RECORDS TO USE —
┄┄┄┄┄┄┄┄┄┄┄┄┄┄┄┄┄┄┄┄

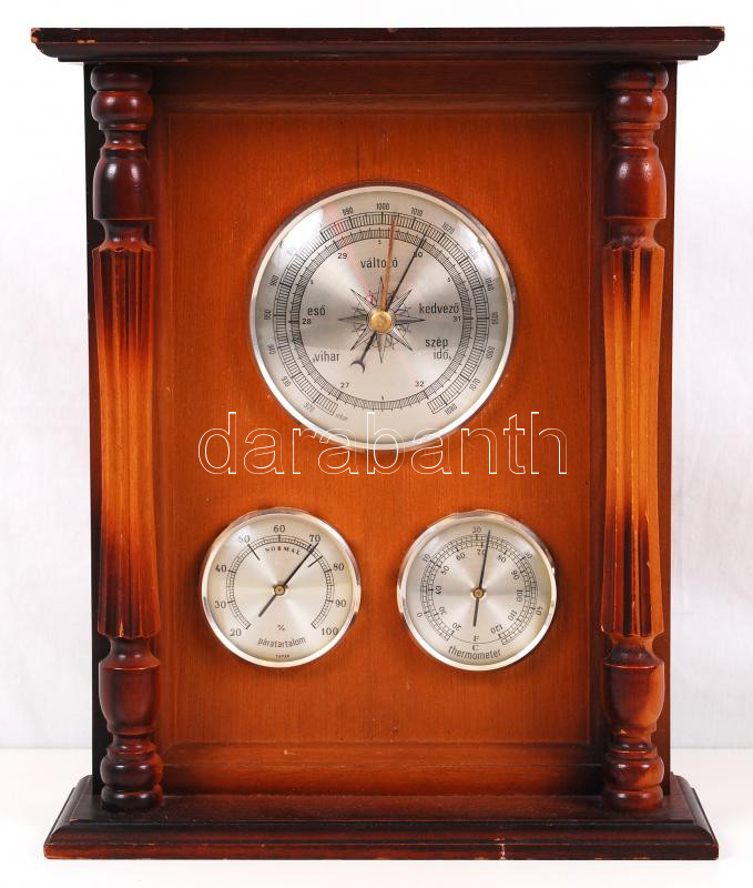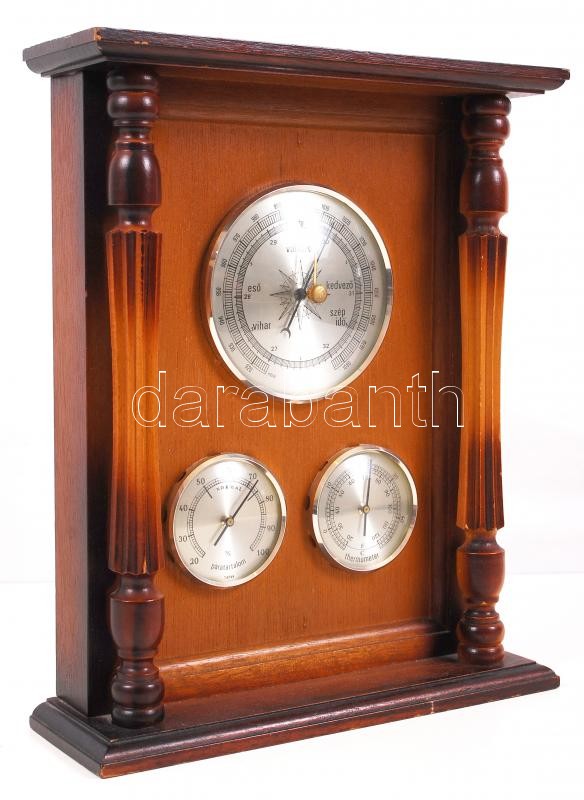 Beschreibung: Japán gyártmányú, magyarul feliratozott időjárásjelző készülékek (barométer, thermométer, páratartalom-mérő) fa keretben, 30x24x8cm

┄┄┄┄┄┄┄┄┄┄┄┄┄┄┄┄┄┄┄┄

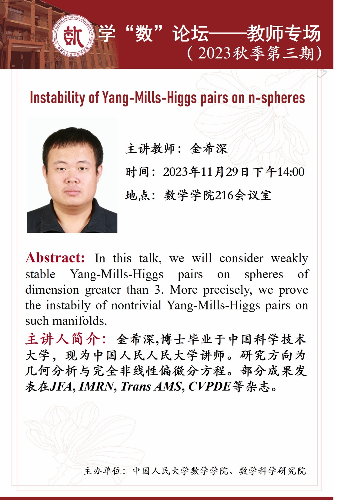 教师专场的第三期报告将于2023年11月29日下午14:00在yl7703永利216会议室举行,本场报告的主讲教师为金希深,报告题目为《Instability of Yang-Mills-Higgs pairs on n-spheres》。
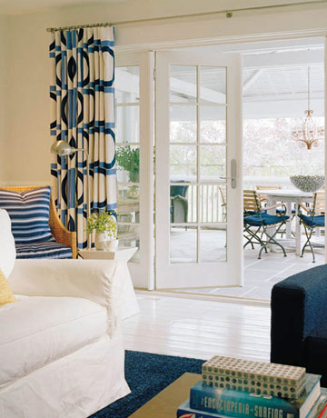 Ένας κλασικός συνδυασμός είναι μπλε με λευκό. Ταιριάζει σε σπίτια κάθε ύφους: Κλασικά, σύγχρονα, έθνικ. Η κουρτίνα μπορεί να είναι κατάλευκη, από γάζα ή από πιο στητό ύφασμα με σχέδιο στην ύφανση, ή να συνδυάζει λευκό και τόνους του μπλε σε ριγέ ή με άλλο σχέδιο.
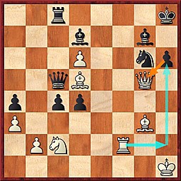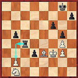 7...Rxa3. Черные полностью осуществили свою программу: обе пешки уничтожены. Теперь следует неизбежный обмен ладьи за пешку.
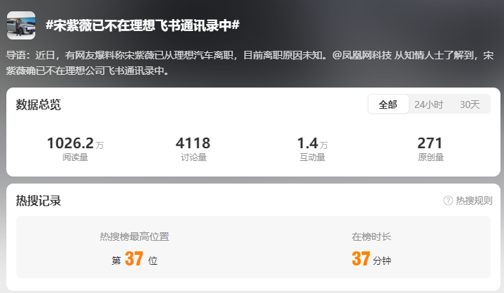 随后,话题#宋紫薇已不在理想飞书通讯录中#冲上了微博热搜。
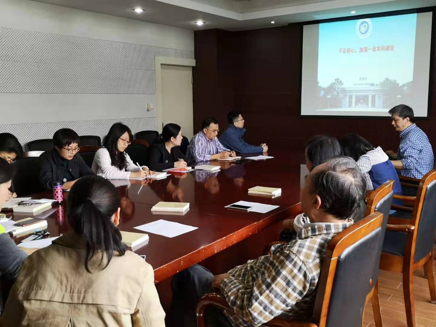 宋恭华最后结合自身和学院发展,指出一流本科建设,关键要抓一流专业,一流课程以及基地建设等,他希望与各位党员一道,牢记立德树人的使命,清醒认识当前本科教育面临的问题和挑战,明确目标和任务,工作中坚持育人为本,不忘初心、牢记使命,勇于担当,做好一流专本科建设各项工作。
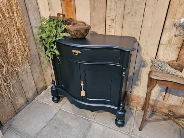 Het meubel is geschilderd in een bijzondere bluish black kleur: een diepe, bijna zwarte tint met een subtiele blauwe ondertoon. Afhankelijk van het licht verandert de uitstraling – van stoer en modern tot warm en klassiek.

┄┄┄┄┄┄┄┄┄┄┄┄┄┄┄┄┄┄┄┄

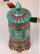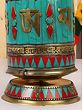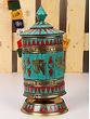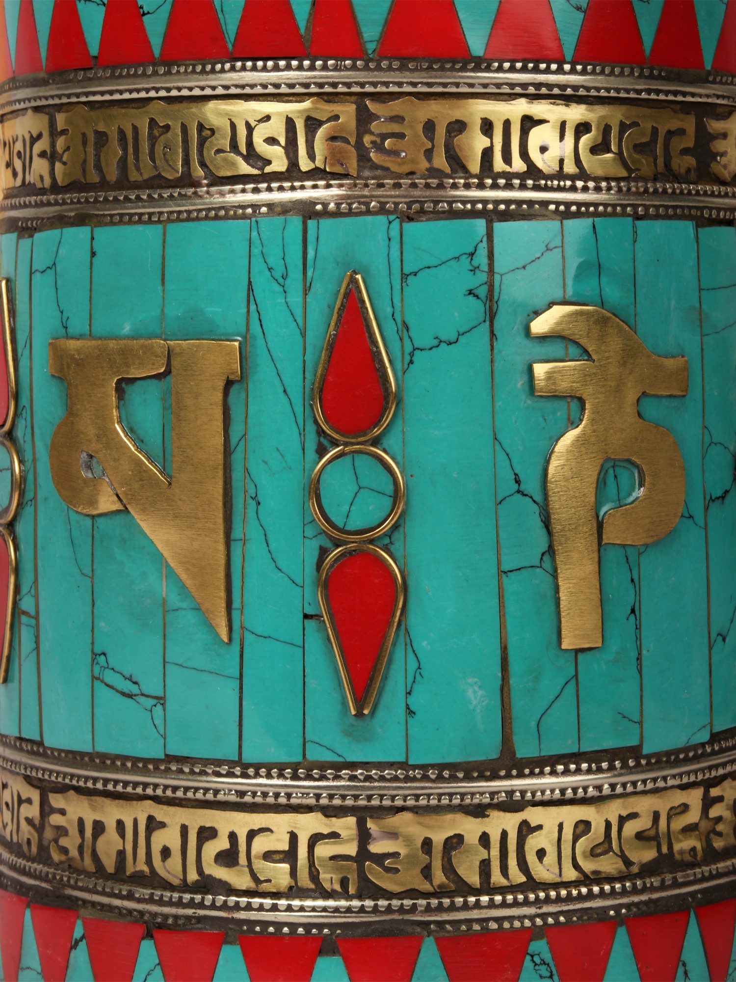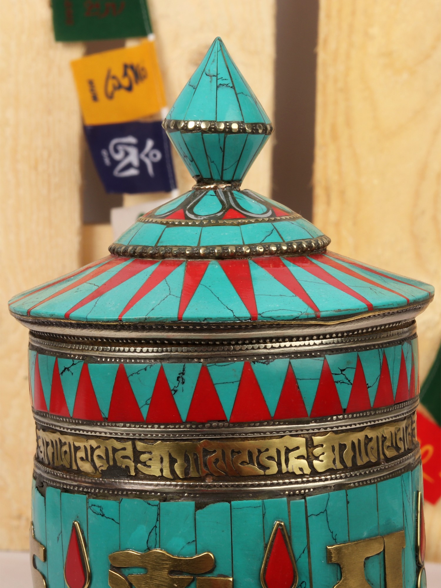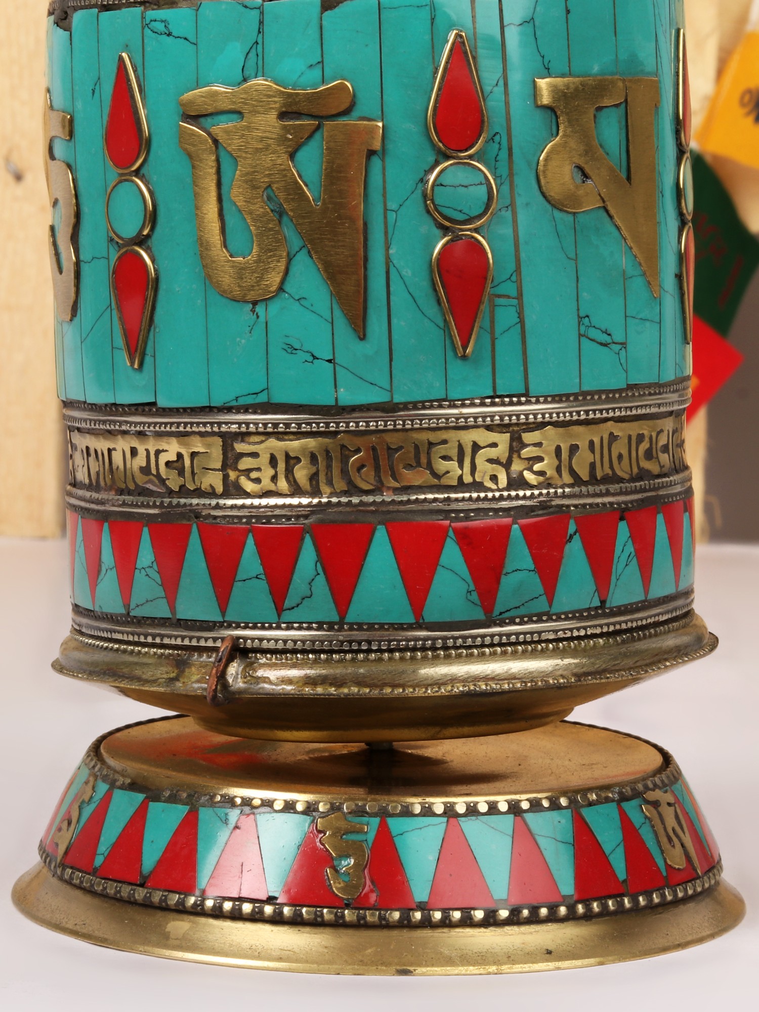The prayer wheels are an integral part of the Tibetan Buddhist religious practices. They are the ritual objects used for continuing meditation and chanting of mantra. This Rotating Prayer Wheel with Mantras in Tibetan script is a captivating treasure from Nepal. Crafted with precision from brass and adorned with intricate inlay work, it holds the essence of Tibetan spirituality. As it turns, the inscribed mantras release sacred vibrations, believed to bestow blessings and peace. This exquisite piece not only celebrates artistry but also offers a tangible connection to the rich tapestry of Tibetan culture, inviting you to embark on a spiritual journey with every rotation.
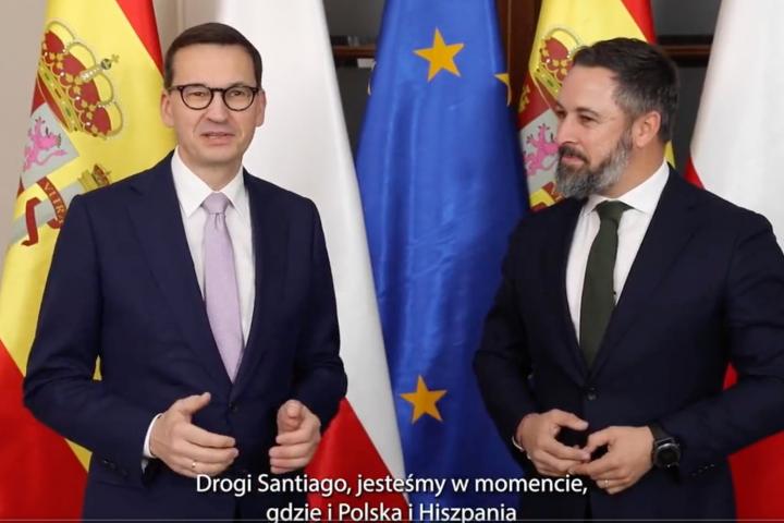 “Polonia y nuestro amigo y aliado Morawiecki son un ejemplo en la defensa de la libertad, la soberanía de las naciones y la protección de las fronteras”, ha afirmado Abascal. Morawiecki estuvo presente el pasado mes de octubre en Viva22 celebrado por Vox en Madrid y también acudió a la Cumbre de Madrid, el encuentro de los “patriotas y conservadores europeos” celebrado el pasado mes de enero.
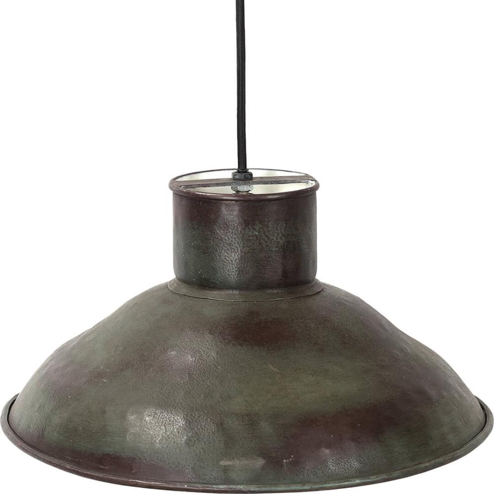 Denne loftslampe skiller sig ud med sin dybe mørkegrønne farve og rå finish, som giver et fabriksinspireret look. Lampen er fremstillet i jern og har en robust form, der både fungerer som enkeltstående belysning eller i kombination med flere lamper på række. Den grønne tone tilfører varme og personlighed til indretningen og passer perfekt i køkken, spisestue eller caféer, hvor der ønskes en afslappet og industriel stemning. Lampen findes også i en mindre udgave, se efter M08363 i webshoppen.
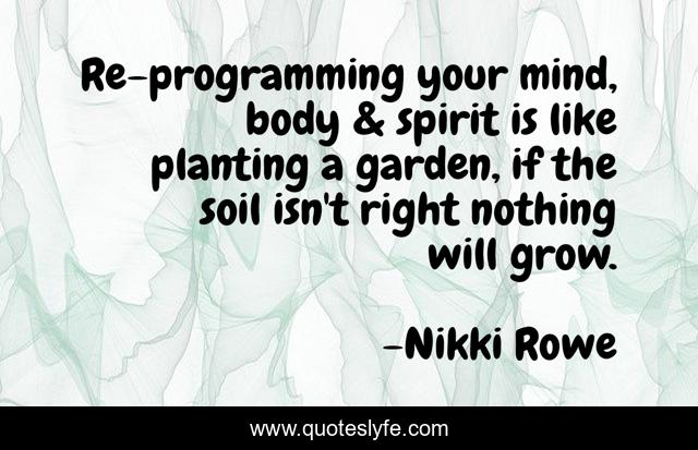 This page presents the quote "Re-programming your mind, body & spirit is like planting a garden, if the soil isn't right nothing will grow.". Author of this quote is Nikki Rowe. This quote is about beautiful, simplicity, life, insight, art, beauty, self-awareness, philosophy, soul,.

┄┄┄┄┄┄┄┄┄┄┄┄┄┄┄┄┄┄┄┄

WHAT THE EXERCISE ASKS — From the material above, output only the span of lines that starts at the one containing "Denne loftslampe skiller" and finishes at the one containing "This page presents", word for word and free of pictures.

RESPONSE BOX —
 Denne loftslampe skiller sig ud med sin dybe mørkegrønne farve og rå finish, som giver et fabriksinspireret look. Lampen er fremstillet i jern og har en robust form, der både fungerer som enkeltstående belysning eller i kombination med flere lamper på række. Den grønne tone tilfører varme og personlighed til indretningen og passer perfekt i køkken, spisestue eller caféer, hvor der ønskes en afslappet og industriel stemning. Lampen findes også i en mindre udgave, se efter M08363 i webshoppen.
 This page presents the quote "Re-programming your mind, body & spirit is like planting a garden, if the soil isn't right nothing will grow.". Author of this quote is Nikki Rowe. This quote is about beautiful, simplicity, life, insight, art, beauty, self-awareness, philosophy, soul,.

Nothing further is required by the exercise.